Exploring the Potential of a Novel Oil Blend Therapy for Immunity Enhancement and Cervical Carcinoma Treatment

Momir Dunjic  1   2   3 Stefano Turini  3   4   5 Lazar Nejkovic  6   7 Aleksandra Pikula  7 Nenad Sulovic  1 Sasa Cvetkovic  1 Marija Dunjic  8 Katarina Dunjic  9
Affiliations

Exploring the Potential of a Novel Oil Blend Therapy for Immunity Enhancement and Cervical Carcinoma Treatment

Momir Dunjic et al. Asian Pac J Cancer Prev. .

Abstract

Objective: To evaluate the therapeutic potential of a novel vegetable oil blend containing natural bioactive compounds for the treatment of cervical carcinoma through in silico molecular docking analysis.

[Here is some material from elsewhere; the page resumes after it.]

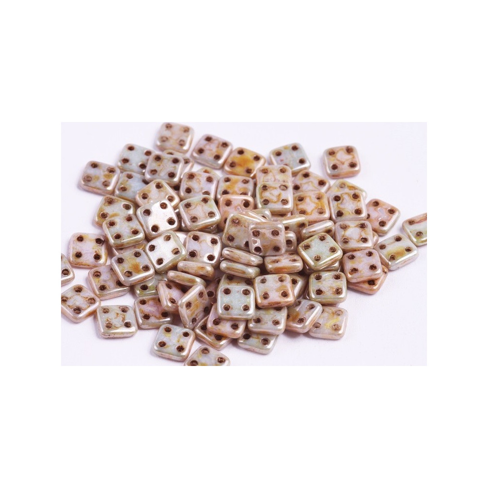 Elevate your beading experience with CzechMates QuadraTile Beads, an exquisite addition to any jewelry maker's collection. These premium Czech glass pressed beads boast a sleek, flat square design, measuring 6x6mm, and feature four precision-drilled holes that open up a world of creative possibilities. Finished in a chic beige hue, these beads are perfect for adding a touch of modern elegance to your projects.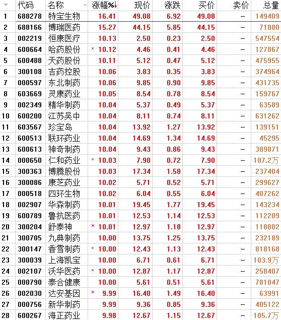 而在医药板块中,共有哈药股份、东北制药、精华制药、江苏吴中等36只个股涨停。

Methods: Natural compounds were extracted from cold-pressed pumpkin oil (Curcubita maxima), horsetail oil (Equisetum arvense), and etheric clove oil (Syzygium aromaticum). Major phytochemicals quercetin 3-O-glucoside, γ-tocopherol, apigenin 5-O-glucoside, β-caryophyllene, kaempferol 3-O-glycoside, and EGCG were identified and standardized via HPLC. Molecular docking was performed using 1-Click Docking software to assess binding affinities against cervical carcinoma-associated targets (p16INK4a, Ki-67, VEGF, CEA, MMP-9, TP53, and pRb). Docking scores were expressed as Gibbs free energy (ΔG, Kcal/mol). Comparative analyses were conducted versus conventional agents (Paclitaxel, Pembrolizumab, Temsirolimus). AI-assisted optimization using ChatGPT-4o integrated molecular interaction data from over 10,000 peer-reviewed studies.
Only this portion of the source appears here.